I'm basing it on his form this year. He looks stronger and fitter than previous years and the gods seem to be favouring him with luck. The course suits him. His season this year reminds me of Cadel's last year.


----------



## SantaCruz (Mar 22, 2002)

SantaCruz said:


> Podium (no order): Wiggins, Chavanel, And yeah Van Den Broeck.
> But I'm hoping Cadel is in better condition than I think.
> 
> I'm watching Andy to see how the spat with JB goes as time moves toward TdF.


Well, of my 3 podium picks: Wiggins performed as expected; Chavanel sacrificed himself today (Stage 6) in the break for Tony Martin who cracked on the Joux-Plane; and Van Den Broeck will finish top 5.

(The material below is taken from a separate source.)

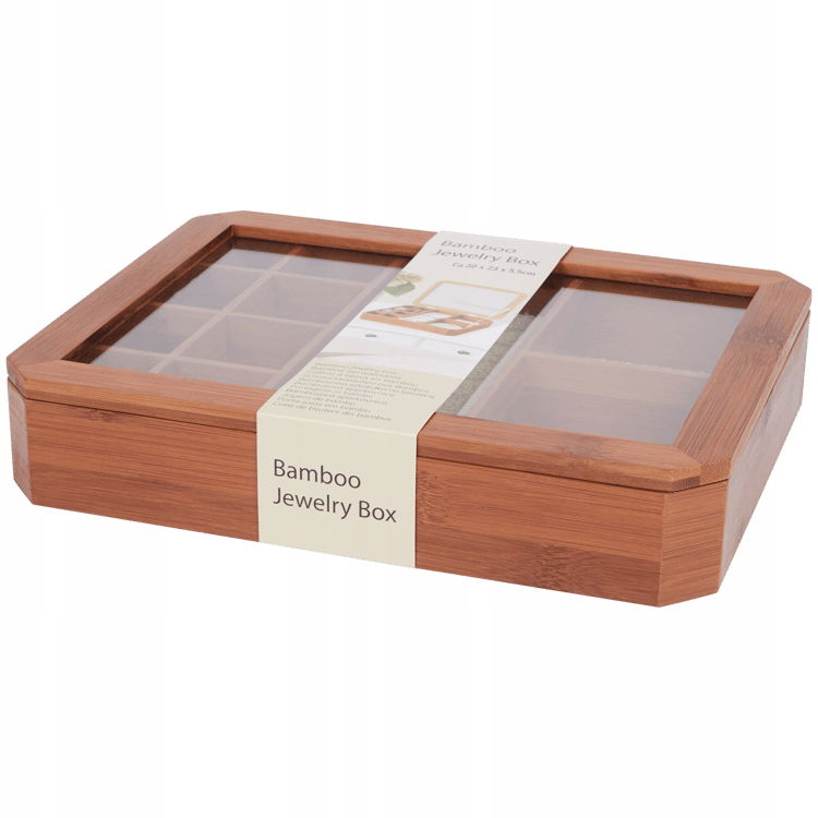 SZKATUŁKA DUŻA EFEKTOWNA BAMBUSOWA NA BIŻUTERIĘ PRZEGRÓDKI 30 x 32 x 5,5 cm

Even better (IMO), Cadel is in good shape and building for TdF. And the the Andy (+ Frank) saga with Bruyneel is a big drama.


----------



## 55x11 (Apr 24, 2006)

den bakker said:


> he showed up with piss poor preparation due to the broken collar bone?


agreed- he actually looked very strong early on (and in fact looked like a favorite), and then insisted on being a team leader which may have costed Froome a win.

No offense to Wiggins and Evans, but this was one dull Dauphine. Hopefully TdF is not like that.


----------